Pentoxifylline treatment of mice with chronic pulmonary tuberculosis accelerates the development of destructive pathology.

It is well established in animal models that production of the cytokine tumour necrosis factor-alpha (TNF-alpha) is essential to the proper expression of acquired specific resistance following infection with Mycobacterium tuberculosis. This gives rise to an apparent state of chronic disease which over the next 100-200 days is characterized by slowly worsening pathological changes in the lung. To determine whether continued TNF-alpha production was harmful during this phase mice were treated with a TNF-alpha inhibitor, pentoxifylline. It was observed that although this therapy did not alter the numbers of bacteria recovered from the lungs of the infected mice, tissue damage within the lung was accelerated. These data thus demonstrate that production of TNF-alpha, already known to be important during the early expression of resistance to tuberculosis, remains important and beneficial during the chronic stage of the disease.

Characterization of murine lung dendritic cells infected with Mycobacterium tuberculosis.

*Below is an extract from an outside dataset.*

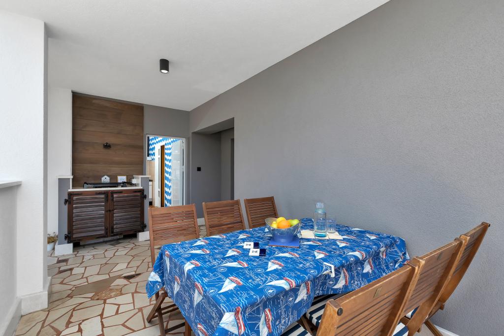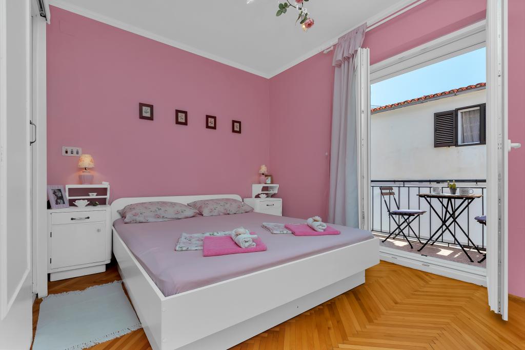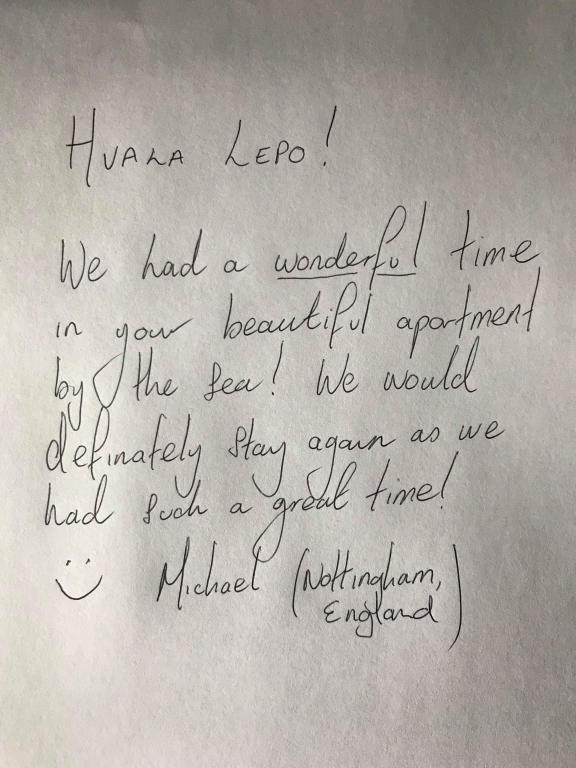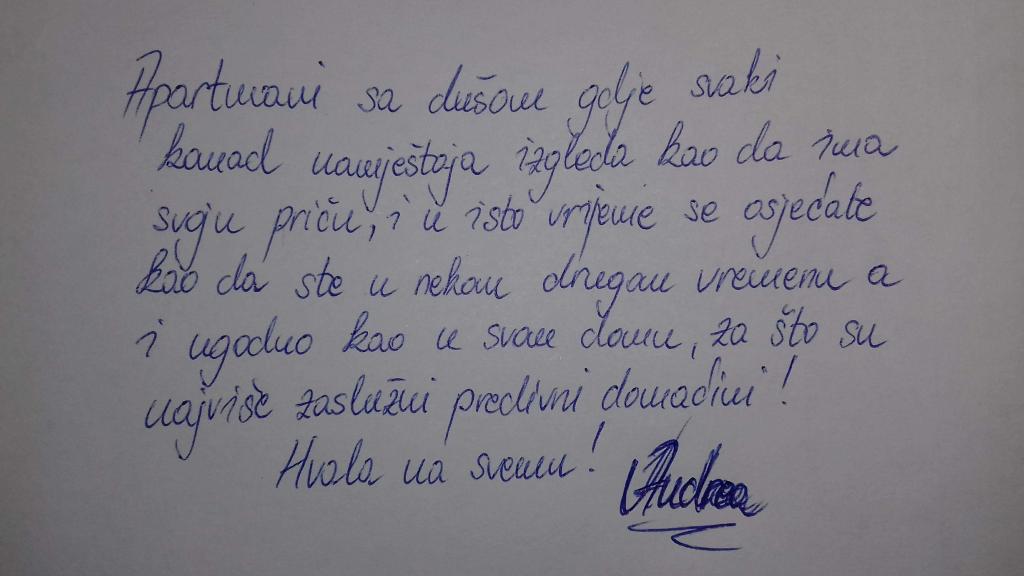 Stylové a komfortně zařízené apartmány v blízkosti starého města, centra města, přístavu, sportovního centra a přírodní pláže. Nachází se 5 minut chůze od centra města a 5 minut od nejbližší pláže v lesoparku Osejava. Rodinná tradice pronájmu bytů od roku 1968. Apartmány jsou pohodlné a prostorné, moderní a stylově vybavené. Nabízejí výhled na moře, ostrovy a horu Biokovo. Každý apartmán má velkou terasu o rozloze 20 m2 s jídelním stolem a elektrickým grilem. Parkovací místa pro hosty jsou zajištěna ve dvoře domu. Ideální a vhodné pro rodiny s malými dětmi, protože se nacházíme v klidné části města obklopené zelení. V blízkosti jsou lékaři, lékárny, tržiště a tržiště.

Lung dendritic cells were identified by immunohistochemistry in lung tissue sections from C57BL/6 mice. Following isolation from the lungs using CD11c magnetic beads, the flow cytometric analysis of I-A(b+) and CD11c(+) cells indicated a mixed population of dendritic cells at different stages of maturation, with most expressing an immature phenotype. When cultured for 7 days with recombinant murine granulocyte-macrophage colony-stimulating factor, 99% of cells were CD11c(+) and had a morphology typical of immature dendritic cells. These cells were negative for CD34, CD14, and CD8 alpha antigens but expressed low levels of the myeloid marker F4/80 and moderate levels of MAC3. All expressed high levels of CD11a (LFA-1), CD11b (Mac1), and CD54 antigens, with low levels of class II major histocompatibility complex. Most cells expressed CD80 but only a small percentage of cells were positive for CD40 and CD86. Both overnight and 7-day cultures of lung dendritic cells were able to phagocytose Mycobacterium tuberculosis, and this was associated with the production of interleukin-12 and stimulation of both naïve and immune T cells to produce gamma interferon.

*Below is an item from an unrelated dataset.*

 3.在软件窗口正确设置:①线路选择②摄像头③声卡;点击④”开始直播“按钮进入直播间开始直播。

Temporal and spatial arrangement of lymphocytes within lung granulomas induced by aerosol infection with Mycobacterium tuberculosis.

The progression of the immune response in the lungs after aerosol infection with Mycobacterium tuberculosis is a complex cellular event dominated by macrophages and lymphocytes. Although the phenotype of lymphocytes participating in this response is becoming increasingly well characterized, the dynamic influx of these cells during the infection and their spatial arrangements within the lung tissue are still poorly understood. This study shows that in the first month after aerosol infection with M. tuberculosis there was a steady increase in the percentages of total CD3+, CD3+ CD4+ and CD3+ CD8+ cells, with consistently larger numbers of CD3+ CD4+ cells than of CD3+ CD8+ cells. As granuloma formation continued, the granuloma was found to consist of macrophages, CD4, and CD8 T cells, as well as a smaller number of B cells. Whereas CD4 T cells formed organized aggregates, CD8 T cells were fewer and more scattered and tended to be more prominent toward the periphery of the granulomas. The possible ramifications of the juxtapositions of these two major T-cell subsets are discussed.